Department of Neurology, Samsung Medical Center, Sungkyunkwan University School of Medicine, 50 Ilwon-dong Gangnam-Gu, Seoul 135-710, Korea.
BMC Med Genet. 2013 Dec 5;14:125. doi: 10.1186/1471-2350-14-125.
Charcot-Marie-Tooth disease (CMT) is a heterogeneous disorder of the peripheral nervous system. So far, mutations in hydroxyacyl-CoA dehydrogenase/3-ketoacyl-CoA thiolase/enoyl-CoA hydratase (trifunctional protein), beta subunit (HADHB) gene exhibit three distinctive phenotypes: severe neonatal presentation with cardiomyopathy, hepatic form with recurrent hypoketotic hypoglycemia, and later-onset axonal sensory neuropathy with episodic myoglobinuria.
To identify the causative and characterize clinical features of a Korean family with motor and sensory neuropathies, whole exome study (WES), histopathologic study of distal sural nerve, and lower limb MRIs were performed.
WES revealed that a compound heterozygous mutation in HADHB is the causative of the present patients. The patients exhibited an early-onset axonal sensorimotor neuropathy without episodic myoglobinuria, and showed typical clinical and electrophysiological features of CMT including predominant distal muscle weakness and atrophy. Histopathologic findings of sural nerve were compatible with an axonal CMT neuropathy. Furthermore, they didn't exhibit any other symptoms of the previously reported HADHB patients.

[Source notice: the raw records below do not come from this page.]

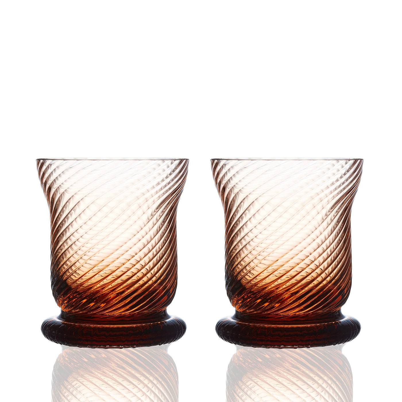 These votive holders feature gently twisting optics that reflect candlelight exquisitely amongst the table or along the hearth. We also love to use them as petite vases to scatter across a table or around a room.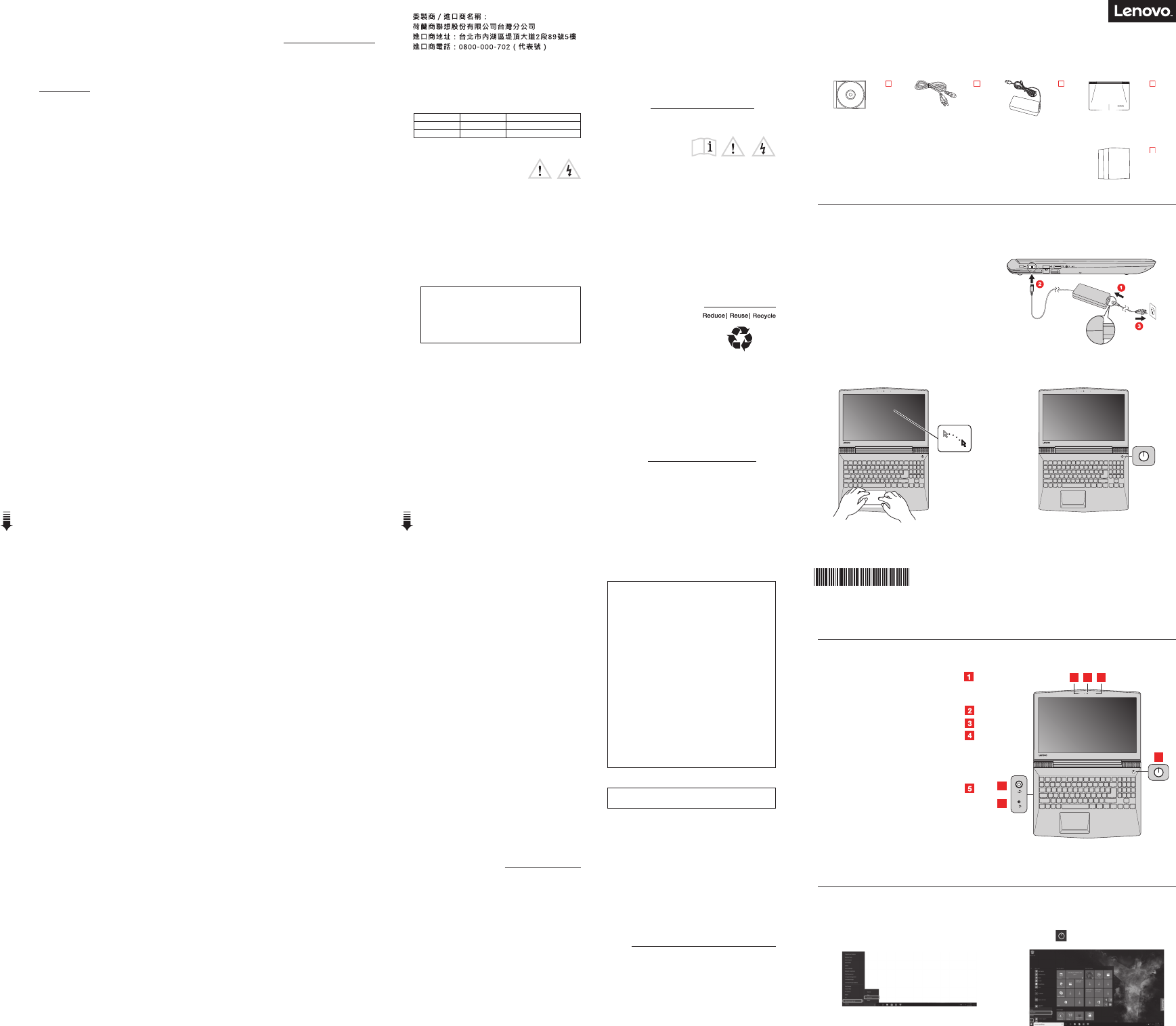 Lenovo Legion Y520 15Ikbn Swsg He 201701 01 User Manual (Hebrew) Safety, Warranty, And Setup Guide Laptop (Lenovo) Type 80WK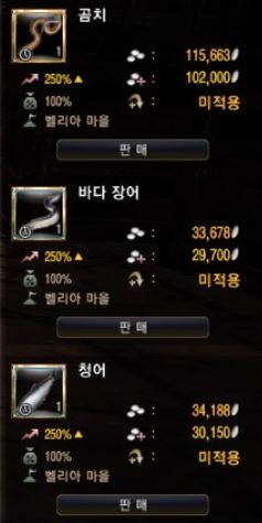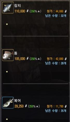 황실납품은 시세하락이 적용되지않습니다 게다가 모든 어류들을 250%의 가격에 납품할수 있습니다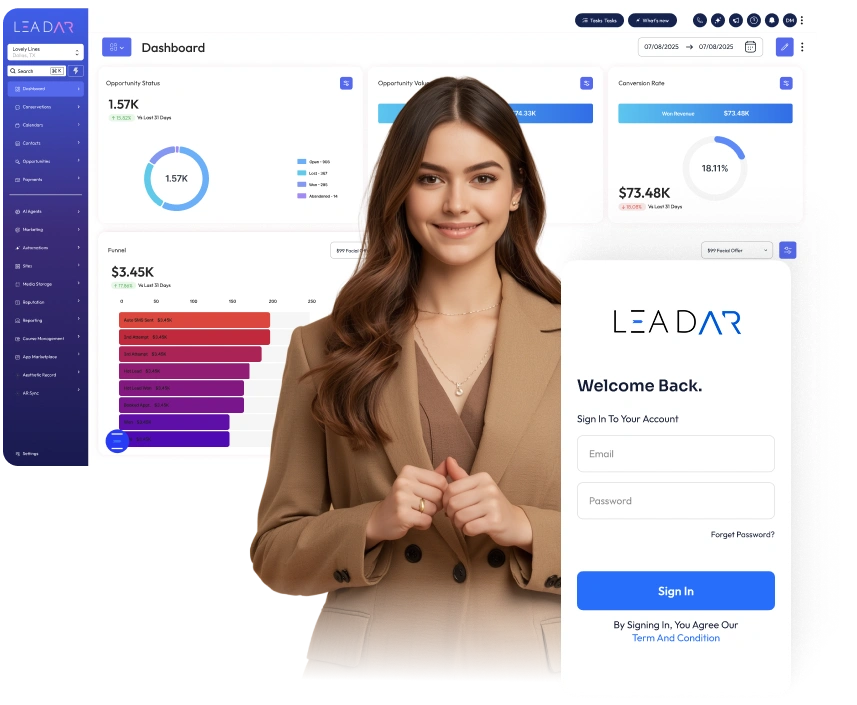 Drive new patient interest directly from social platforms like Facebook, Instagram, LinkedIn, and TikTok. With easy-to-deploy sales funnels, optimized forms, and built-in SEO tools, LeadAR helps your practice attract, capture, and convert leads 24/7. Every new inquiry is automatically captured and funneled directly into your sales pipeline and populated in your Aesthetic Record Leads tab.

These data implicate that mutation in HADHB gene can also cause early-onset axonal CMT instead of typical manifestations in mitochondrial trifunctional protein (MTP) deficiency. Therefore, this study is the first report of a new subtype of autosomal recessive axonal CMT by a compound heterozygous mutation in HADHB, and will expand the clinical and genetic spectrum of HADHB.
Charcot-Marie-Tooth 病(CMT)是一种周围神经系统的异质性疾病。到目前为止,羟酰基辅酶 A 脱氢酶/3-酮酰基辅酶 A 硫解酶/烯酰基辅酶 A 水合酶(三功能蛋白)β亚基(HADHB)基因的突变表现出三种不同的表型:伴有心肌病的严重新生儿期表现、伴有复发性低酮性低血糖的肝型和迟发性轴索性感觉神经病伴阵发性肌红蛋白尿。
为了确定一个有运动和感觉神经病的韩国家族的致病原因并描述其临床特征,进行了全外显子组研究(WES)、远端腓肠神经组织病理学研究和下肢 MRI。
WES 显示 HADHB 的复合杂合突变是本患者的致病原因。患者表现为早发性轴索性感觉运动神经病,无阵发性肌红蛋白尿,表现为 CMT 的典型临床和电生理特征,包括主要的远端肌肉无力和萎缩。腓肠神经的组织病理学发现与轴索性 CMT 神经病相符。此外,他们没有表现出先前报道的 HADHB 患者的任何其他症状。
这些数据表明 HADHB 基因突变也可引起早发性轴索性 CMT,而不是线粒体三功能蛋白(MTP)缺乏症的典型表现。因此,本研究首次报道了由 HADHB 复合杂合突变引起的新的常染色体隐性轴索性 CMT 亚型,并将扩展 HADHB 的临床和遗传谱。